В этот раз я вернулся из Северной Атлантики после пятимесячной болтанки в океане — работал на морозильном траулере, ловил треску. Устроился я на траулер потому, что захотелось глянуть на чужих людей, на чужие страны, посмотреть, как живут там. Но посмотреть мне ничего не удалось: ни разу за пять месяцев мы не пристали к берегу. Видел я лишь, и то издали, канадские берега. Туманные и далекие, они ничем не отличались от берегов моей отчизны. Надоело мне море, качка, нелюбимая работа, и, воспользовавшись случаем, я пересел на судно, шедшее в Мурманск. Конечно, и капитан и ребята в глубине души не одобрили мой поступок, но простились по-хорошему: как-никак около полугода отмотался, пил-ел вместе, никто никогда жалобы от меня не слышал, да и работал я не жалея себя.

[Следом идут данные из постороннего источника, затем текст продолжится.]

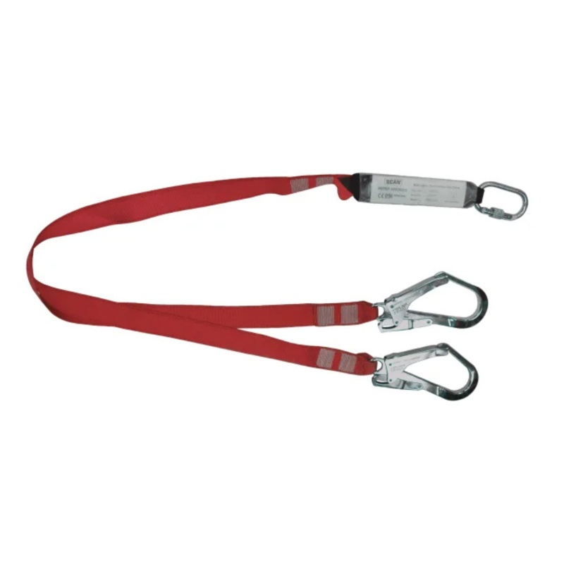 The Scan Fall Arrest Twin Lanyard works with the user's safety harness. Light, comfortable and easy-to-use with little restriction to movement. The twin webbing is made from 100% polyester. Fitted with one integrated shock absorber carabiner and 2 large, f

В Мурманске, получив полный расчет и, прикупив в портовых комиссионках барахла с разномастными «маде ин…», я сел в самолет — и вот уже десятый день отмякаю душой в родном городишке. Всего десятый, не так уж много, но чую — не могу больше.
Попервости отрадно было смотреть на мать, то и дело примерявшую английский джерсовый костюм, на отца, щеголявшего по квартире в узком, длинном пальтишоне французского производства, но так и не вышедшего в нем на улицу. «Да выйди ты на волю-то, — говорила мать. — Покажи обнову людям. Похвастайся». — «Неловко, — отнекивался отец. — Не узнают. Подумают — иностранец». Когда приходили ко мне друзья, я вытаскивал сигареты марки «Филипп-Морис», небрежно щелкал зажигалкой, тоже какой-то нерусской, мудреной, предлагал закуривать. Иные закуривали, а иные и отказывались. В общем, надоела мне вся эта иностранная, никому не нужная карусель, я сам я себе надоел, в чистеньком костюмчике, неискренний какой-то, ненастоящий, и снова поманила меня дорога.

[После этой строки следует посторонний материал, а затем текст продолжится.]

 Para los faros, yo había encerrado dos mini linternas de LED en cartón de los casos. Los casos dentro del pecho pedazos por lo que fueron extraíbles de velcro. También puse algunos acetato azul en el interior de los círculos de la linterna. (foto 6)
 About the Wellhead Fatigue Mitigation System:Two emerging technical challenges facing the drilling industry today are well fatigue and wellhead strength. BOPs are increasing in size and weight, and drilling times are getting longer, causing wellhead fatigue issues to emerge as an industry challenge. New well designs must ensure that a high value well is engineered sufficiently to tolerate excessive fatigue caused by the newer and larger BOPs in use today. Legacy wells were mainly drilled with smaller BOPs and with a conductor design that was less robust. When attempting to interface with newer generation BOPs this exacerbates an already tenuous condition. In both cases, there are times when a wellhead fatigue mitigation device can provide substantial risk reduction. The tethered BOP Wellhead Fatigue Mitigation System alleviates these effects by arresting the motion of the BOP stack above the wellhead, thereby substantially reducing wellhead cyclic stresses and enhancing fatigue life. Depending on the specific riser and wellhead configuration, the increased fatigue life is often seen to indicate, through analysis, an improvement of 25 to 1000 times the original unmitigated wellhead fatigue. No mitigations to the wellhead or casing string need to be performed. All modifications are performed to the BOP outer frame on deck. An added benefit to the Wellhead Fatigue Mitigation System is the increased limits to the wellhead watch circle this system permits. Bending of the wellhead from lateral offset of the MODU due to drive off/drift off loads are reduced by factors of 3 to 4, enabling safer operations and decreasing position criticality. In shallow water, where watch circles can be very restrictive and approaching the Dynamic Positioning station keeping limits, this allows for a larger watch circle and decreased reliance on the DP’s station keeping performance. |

Правда, однажды шевельнулась у меня мысль: а не остаться ли в родных местах навсегда? Сколько можно болтаться по столовкам, есть пустые щи?.. Случилось это в день приезда моего дяди по отцу. Дмитрия Серафимыча, председателя колхоза. Он приехал к вечеру на пыльном «газике» из далекой деревни Синегорки, зашел в дом и сразу наполнил его громким голосом и каким-то необъяснимо-тревожным запахом хлеба и зрелых трав. «Слышь, Павлович, — загудел он, — я ведь серьезно. Любая машина твоя! А то в заместители! У меня заместитель хреновый. Совсем мышей не ловит. А, Павлович?» — «Не-е… Не пойдет», — ответил за меня отец. «Не пойдет, — угрюмо согласился дядя. — Избаловался. А какого рядна надо?! И заработки у нас не хуже иных-прочих, и дом ему отгрохаю любо-дорого, и вон девок-то сколько! Любая пойдет. Только гаркни!» — «Не-е… И не уговаривай, — повторил отец. — Другая у него планида». — «Планида, — ухмыльнулся дядя. — Нету у него никакой планиды! Нету. Оттого и летает, бегает по белу свету. Подожди-и… Прижмет хвост какая-нибудь прости-господи, тогда узнает… Теперь ему что? Вольный казак! Куда захотел, туда поехал!» — «Не-е, — упрямо сказал отец. — Не уговаривай. Давай-ка чокнемся». — «По последней! — строго сказал дядя, погрозил мне прокуренным пальцем и вдруг воскликнул, напугав мать: — Помню, помню я, как до района-то ехали! Зверь! — Он подмигнул для чего-то мне, словно знал что-то тайное о той поездке, и повторил чуть тише: — Зверь!»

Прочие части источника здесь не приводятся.